Не подозревая о том, какому клиническому исследованию подвергают его старшие друзья, Золя выбалтывал Гонкурам все, что накопилось к тому времени у него в душе. Эмиль был уверен в том, что эти богатые, талантливые и утонченные писатели, живущие среди вычурных безделушек, японских гравюр и антикварной мебели, обладают всеми качествами, необходимыми для того, чтобы понять такого человека, как он, человека, стремящегося лишь к тому, чтобы добиться такой же славы и купаться в такой же роскоши. «Он рассказывал нам о том, как трудно ему живется, – записали еще братья, – о том, как ему хочется и как необходимо найти издателя, который купил бы его на шесть лет за тридцать тысяч франков, обеспечив ему каждый год выплату шести тысяч франков: это даст ему возможность прокормить себя и мать и написать „Историю одной семьи“ в десяти томах».

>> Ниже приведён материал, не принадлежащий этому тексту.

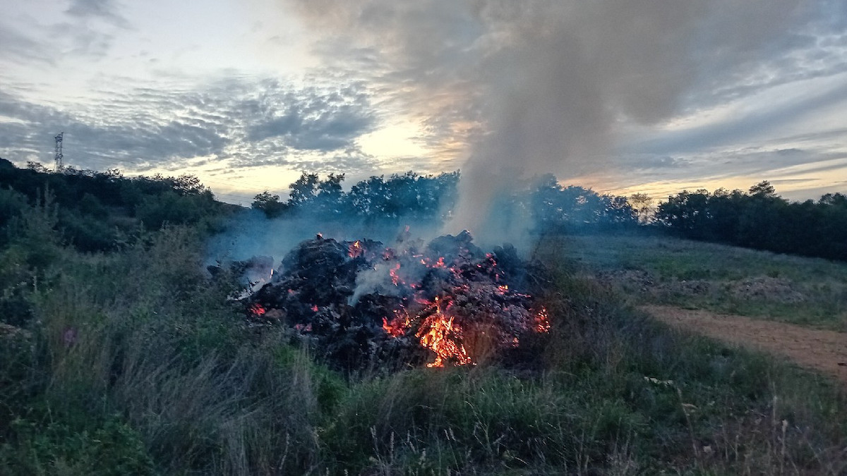 Cremen un munt de troncs al costat d'una camí entre Isona i la Figuerola d'Orcau, a Isona i Conca Dellà (avís 18.57h @112).

Да, в самом деле, Золя, опьянев от вина, вкусной еды и лестных высказываний хозяев дома, разгорячился до того, что открыл им свою удивительную тайну: он хотел бы написать цикл романов, в которых действовали бы персонажи, принадлежащие к одной и той же семье, отмеченные печатью наследственности и влиянием окружающей среды, «огромную махину», которая заткнет рот его гонителям. «Дело в том, что у меня очень много врагов, – жаловался старшим коллегам более молодой. – Так трудно заставить говорить о себе!»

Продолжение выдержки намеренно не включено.